Two layers of legitimate infrastructure had washed the failures clean.
The email claimed to come from outlook_943026362DE8005C@outlook[.]com. The originating IP was 64[.]124[.]105[.]98, which resolves to a mail server at a county government office in the southeastern United States. The PTR record confirms it: 64.124.105.98.IDIA-274172-ZYO.zip.zayo[.]com, a Zayo-hosted connection serving a municipal mail infrastructure.
This IP is not Microsoft's. It has no business sending mail on behalf of an outlook.com address. The authentication results at the first hop reflected that reality:
At this point, the message should have been rejected or quarantined. A county government mail server sending as outlook.com is an unambiguous authentication failure. The message's journey should have ended here.
It didn't.
The message's next stop was the recipient organization's Mimecast gateway at relay.mimecast[.]com (IP 170[.]10[.]152[.]241). This is the legitimate email security infrastructure that the recipient organization pays for and trusts.
When Mimecast processed the message, it performed its own authentication evaluation and recorded the results in ARC (Authenticated Received Chain) headers. The ARC-Authentication-Results from the Mimecast hop showed:
These results look clean. They also represent the Mimecast gateway's evaluation from its own vantage point, not the original authentication results from the first hop. The original triple failure at the county government server was now sitting underneath a layer of passing ARC results from a trusted security gateway.
This is the mechanism that makes ARC re-signing dangerous in the wrong configuration. ARC was designed to preserve authentication context across legitimate forwarding scenarios (mailing lists, internal relays, security gateways).
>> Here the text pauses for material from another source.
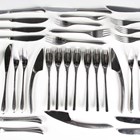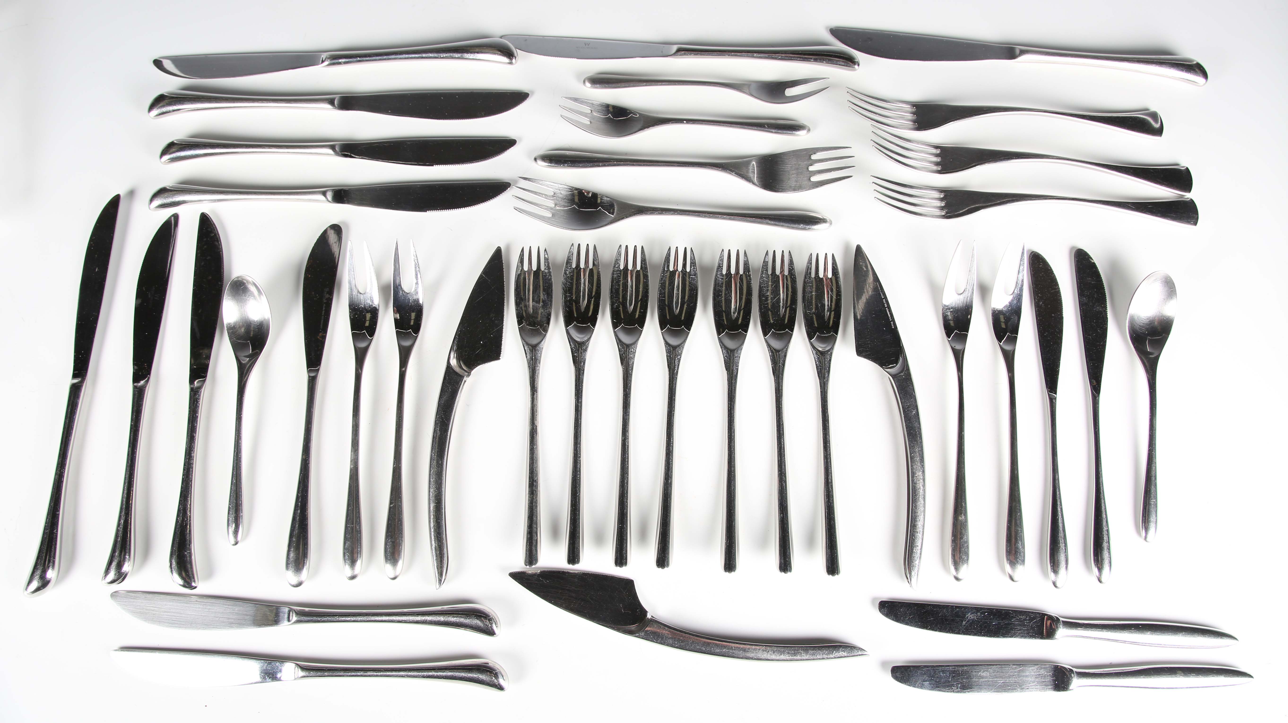 An Italian Zani & Zani part canteen of stainless steel Instrumenta pattern cutlery, designed by Lino Sabattini, circa 1978, comprising three table knives and seven table forks, a Rosenthal Studio-line part canteen of stainless steel Taille pattern cutlery, designed by Tapio Wirkkala, comprising a table knife, two table forks, two dessert knives, dessert fork, two dessert spoons, four two pronged forks and a matching smaller fork, and a Wedgwood part canteen of stainless steel Elipse pattern cutlery, comprising four table knives, three table forks, and seven dessert knives, together with two Artis stainless steel dessert knives.

The protocol assumes that each hop in the chain is trustworthy. When a security gateway ARC-re-signs a message that originally failed authentication, the downstream receiving server has to decide which set of results to trust: the original failures, or the gateway's passing assertion.
Most environments trust the gateway.
See Your Risk: Calculate how many threats your SEG is missing
The final delivery headers tell the rest of the story. The message arrived with SCL=-1 and IPV:CAL. That second tag means the sending IP matched a Connection Allow List entry in the recipient's M365 environment. The Mimecast relay IP was allow-listed, which is a standard configuration. Organizations route all inbound mail through their security gateway, then allow-list the gateway's outbound IPs so that relayed messages are not re-evaluated by M365's native filtering.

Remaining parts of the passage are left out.